My understanding is that if the universe(space) remained but the stuff in it disappeared except for our solar system, the solar system would be distorted and shredded to bits by the gravitational “whiplash” of all the stuff suddenly disappearing. I’m assuming you mean vanishing from existence all at once.

Someone more knowledgeable than me will be along shortly to correct and expand on this I’m sure.

ETA; there might also be weird temporal effects, reversal of cause and effect due to the power and magnitude of the gravitational waves from the rebounding of space from the sudden loss of all the stuff in it.

I’m not at all certain that that’s correct. Gravity is by far the weakest of the fundamental forces. And the force of gravity falls off by the square of the distance.

Let’s calculate: Jupiter is 318 times more massive than Earth and 410 million miles away. According to Newton’s Law of Universal Gravitation, Jupiter pulls you up 34 million times less than Earth pulls you down. Jupiter’s “pull” is utterly feeble.

Let’s assume the rest of the universe disappears by some magical method that means no gravitational whiplash caused by the disappearance.

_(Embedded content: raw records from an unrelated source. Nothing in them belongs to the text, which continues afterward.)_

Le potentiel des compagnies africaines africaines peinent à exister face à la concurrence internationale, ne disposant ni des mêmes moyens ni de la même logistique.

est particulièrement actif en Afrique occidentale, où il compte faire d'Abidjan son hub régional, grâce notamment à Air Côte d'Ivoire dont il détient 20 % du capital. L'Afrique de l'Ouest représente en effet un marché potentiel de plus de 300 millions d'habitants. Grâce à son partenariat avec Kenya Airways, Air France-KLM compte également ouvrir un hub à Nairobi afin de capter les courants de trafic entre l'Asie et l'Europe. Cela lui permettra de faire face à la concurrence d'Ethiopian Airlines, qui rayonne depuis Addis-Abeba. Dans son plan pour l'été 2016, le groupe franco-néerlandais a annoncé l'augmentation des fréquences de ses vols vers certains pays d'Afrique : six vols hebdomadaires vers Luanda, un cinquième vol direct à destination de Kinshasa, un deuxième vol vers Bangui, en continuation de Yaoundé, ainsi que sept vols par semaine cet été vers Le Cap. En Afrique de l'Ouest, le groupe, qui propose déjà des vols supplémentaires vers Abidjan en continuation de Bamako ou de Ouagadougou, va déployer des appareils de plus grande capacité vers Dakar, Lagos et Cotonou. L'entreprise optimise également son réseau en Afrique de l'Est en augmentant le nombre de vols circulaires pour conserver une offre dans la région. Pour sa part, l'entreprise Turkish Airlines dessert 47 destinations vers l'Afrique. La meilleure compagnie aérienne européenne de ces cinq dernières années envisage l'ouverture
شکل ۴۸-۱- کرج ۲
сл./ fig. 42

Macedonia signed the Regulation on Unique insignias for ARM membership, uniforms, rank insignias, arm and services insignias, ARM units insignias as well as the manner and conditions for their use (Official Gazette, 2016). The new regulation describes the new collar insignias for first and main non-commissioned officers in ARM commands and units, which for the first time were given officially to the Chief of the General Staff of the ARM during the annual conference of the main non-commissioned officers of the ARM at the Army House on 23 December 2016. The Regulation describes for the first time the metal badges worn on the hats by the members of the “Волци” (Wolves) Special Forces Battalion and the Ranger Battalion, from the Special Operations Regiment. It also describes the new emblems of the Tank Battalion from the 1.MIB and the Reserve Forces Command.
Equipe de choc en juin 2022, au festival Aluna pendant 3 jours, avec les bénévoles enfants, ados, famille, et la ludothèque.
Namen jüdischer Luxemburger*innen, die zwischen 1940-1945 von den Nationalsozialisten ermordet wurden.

As to the question of whether the rest of the universe disappears or just the stuff in it, is there a difference?

Well with all that dark matter gone and probably other quanta space stuffs we know little about, I’m thinking one of those things might mean our doom.

Like maybe the outer planets go flinging off into the void.

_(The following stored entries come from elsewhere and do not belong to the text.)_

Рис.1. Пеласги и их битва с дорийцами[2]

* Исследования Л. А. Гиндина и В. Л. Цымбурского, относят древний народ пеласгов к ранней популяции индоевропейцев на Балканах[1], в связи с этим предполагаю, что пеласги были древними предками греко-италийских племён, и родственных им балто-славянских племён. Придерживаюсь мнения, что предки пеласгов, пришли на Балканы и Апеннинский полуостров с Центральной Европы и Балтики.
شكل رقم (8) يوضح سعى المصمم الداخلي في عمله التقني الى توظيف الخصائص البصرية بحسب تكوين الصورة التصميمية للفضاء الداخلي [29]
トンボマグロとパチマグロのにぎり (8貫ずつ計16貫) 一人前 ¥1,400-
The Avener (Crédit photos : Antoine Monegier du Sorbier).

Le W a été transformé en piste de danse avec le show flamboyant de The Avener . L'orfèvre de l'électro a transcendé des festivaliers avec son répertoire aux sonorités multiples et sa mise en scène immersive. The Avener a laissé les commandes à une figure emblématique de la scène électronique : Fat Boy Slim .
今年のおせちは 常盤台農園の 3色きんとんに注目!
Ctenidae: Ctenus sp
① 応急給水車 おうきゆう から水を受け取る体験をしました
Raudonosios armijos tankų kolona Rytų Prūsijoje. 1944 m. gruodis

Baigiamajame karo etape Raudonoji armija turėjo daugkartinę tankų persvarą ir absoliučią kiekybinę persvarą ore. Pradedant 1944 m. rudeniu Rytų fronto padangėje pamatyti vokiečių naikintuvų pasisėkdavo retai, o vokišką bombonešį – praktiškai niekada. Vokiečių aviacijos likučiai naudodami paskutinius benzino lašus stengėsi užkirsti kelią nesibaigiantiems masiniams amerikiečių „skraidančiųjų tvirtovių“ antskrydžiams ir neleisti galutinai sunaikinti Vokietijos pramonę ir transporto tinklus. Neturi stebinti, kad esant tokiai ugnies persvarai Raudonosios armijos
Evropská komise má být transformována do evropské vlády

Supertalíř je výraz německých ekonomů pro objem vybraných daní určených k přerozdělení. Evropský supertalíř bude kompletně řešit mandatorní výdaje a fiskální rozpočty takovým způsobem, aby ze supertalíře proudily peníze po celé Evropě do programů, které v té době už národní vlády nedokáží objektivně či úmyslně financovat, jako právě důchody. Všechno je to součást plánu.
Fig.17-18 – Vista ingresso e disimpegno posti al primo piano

Well, if the space remains but the stuff in it all vanishes in a wink, that’s a lot of stuff that has a gravitational affect on space itself.

Just the milkyway galaxy alone blinking out of existence leaving the solar system by itself would have some pretty disruptive effects as the very fabric of space rebounds from the sudden loss of that mass and the gravity it generates.

Yes, gravity is the weakest force, but it is also the farthest reaching. Visible matter, and dark matter might not make up the majority of “stuff” in the universe, but there is still enough of it that we can discern gravity waves from sources very far away and we don’t (can’t) know what’s beyond our light horizon and if gravitational waves might or might not constructively interfere with each other.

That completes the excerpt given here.